■ What you will do ■
In this exercise, print only the lines of the records below from the one with "3階に上がろうとすると何やら" through the one with "ベージュ系 245723・534563【KM15】 |", inclusive. Pictures are not part of the copy.

■ Provided information ■
○ ○ ○
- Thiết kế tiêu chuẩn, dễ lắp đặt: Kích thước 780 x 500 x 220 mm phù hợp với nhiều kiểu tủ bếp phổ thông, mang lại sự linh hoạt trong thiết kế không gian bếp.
○ ○ ○
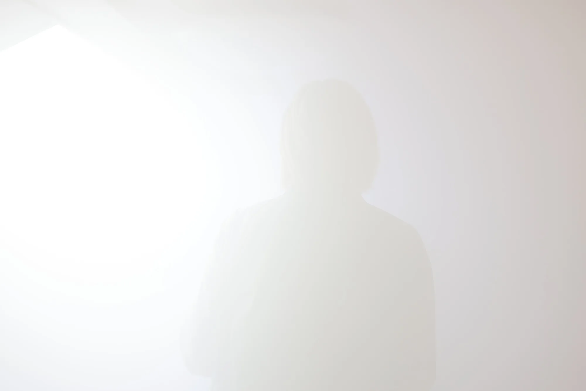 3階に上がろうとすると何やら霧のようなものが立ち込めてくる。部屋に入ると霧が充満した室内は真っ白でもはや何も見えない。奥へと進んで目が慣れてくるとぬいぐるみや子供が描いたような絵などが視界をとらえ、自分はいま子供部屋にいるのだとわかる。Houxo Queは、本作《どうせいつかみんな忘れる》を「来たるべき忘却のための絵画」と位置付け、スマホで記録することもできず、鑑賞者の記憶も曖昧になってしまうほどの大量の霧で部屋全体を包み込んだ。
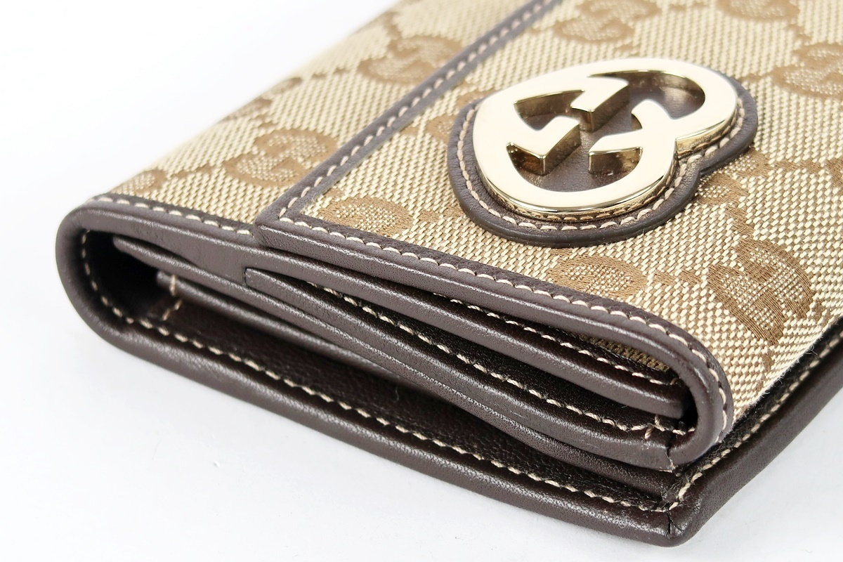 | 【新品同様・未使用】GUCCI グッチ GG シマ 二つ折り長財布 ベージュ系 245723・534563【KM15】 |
○ ○ ○
■ Written answer ■
 3階に上がろうとすると何やら霧のようなものが立ち込めてくる。部屋に入ると霧が充満した室内は真っ白でもはや何も見えない。奥へと進んで目が慣れてくるとぬいぐるみや子供が描いたような絵などが視界をとらえ、自分はいま子供部屋にいるのだとわかる。Houxo Queは、本作《どうせいつかみんな忘れる》を「来たるべき忘却のための絵画」と位置付け、スマホで記録することもできず、鑑賞者の記憶も曖昧になってしまうほどの大量の霧で部屋全体を包み込んだ。
 | 【新品同様・未使用】GUCCI グッチ GG シマ 二つ折り長財布 ベージュ系 245723・534563【KM15】 |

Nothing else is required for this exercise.